Tuesday, October 6, 2009

Bloomberg announces appointees to LGBT homeless youth commission

In what arguably was a campaign speech designed to court LGBT voters ahead of this year's general mayoral election, Mayor Michael Bloomberg announced last night at the annual Ali Forney Center fundraiser at the Chelsea Art Museum he had appointed 25 activists and others to the city's Commission for Lesbian, Gay, Bisexual, Transgender and Questioning Runaway and Homeless Youth.

These appointees include Ali Forney executive director Carl Siciliano, Ana Oliveira, president of the New York Women's Association and former executive director of the Gay Men's Health Crisis, incoming LGBT Community Center executive director Glennda Testone, Rabbi Sharon Kleinbaum of Congregation Beth Simchat Torah, Hetrick-Martin Institute executive director Thomas Krevor and Rickke Mananzala, executive director of FIERCE.

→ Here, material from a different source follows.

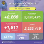 タイ保健省は2022年7月11日(月)、1日で確認された新型コロナウイルス陽性者が1,811人(海外[...]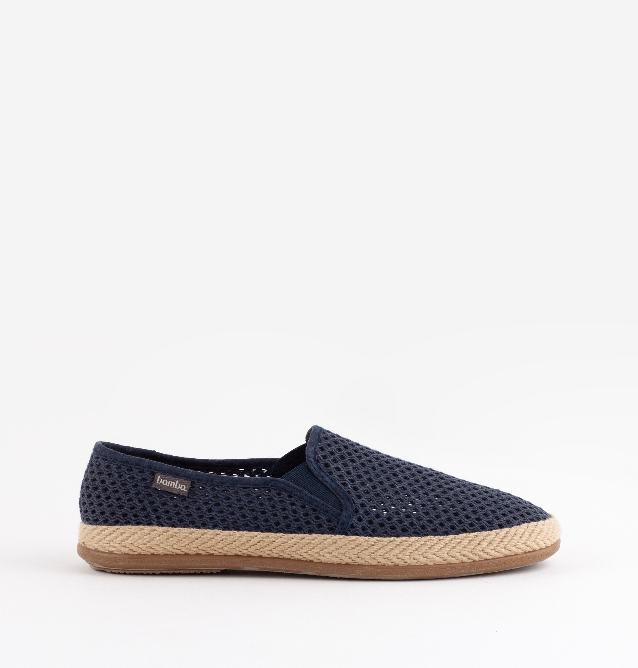 Alpargatas para hombre fabricadas en España en tejido tipo malla. Incorporan dos elásticos laterales, que aportan sujección y comodidad. Etiqueta con el logotipo de bamba cosida en el lateral. Suela de caucho vulcanizado en color caramelo con trenza de yute.

“New York City may be one of the most tolerant places on earth, but LGBTQ youth still face daily discrimination that forces many of them to leave home and sometimes make risky decisions,” Bloomberg said in a prepared statement released before he spoke at the fundraiser. “Today we are opening up a new front focused on serving lesbian, gay, bisexual, transgender and questioning young people. The Commission’s recommendations will address the root causes of homelessness among this population and provide a blueprint for innovative and evidence-based solutions.”

City Council Speaker Christine Quinn, comedian Sandra Bernhard and singer Rufus Wainwright were among those in attendance, but this announcement comes nearly a year after the city threatened to slash federal Housing Opportunities for People with AIDS (HOPWA) funds that the Department of Health and Mental Hygiene had awarded to Ali Forney to operate its Chelsea drop-in facility. The City Council unanimously voted in December to restore the organization's HOPWA funds.

In spite of these cuts, Quinn praised the committee appointees.

“LGBTQ runaway and homeless youth face a unique set of challenges – from greater exposure to HIV/AIDS – to being ostracized by their families and communities,” Quinn said. “The group of experts serving on the New York City LGBTQ Runaway and Homeless Youth Commission give me great hope that we will be able to develop innovative solutions to confront these challenges.”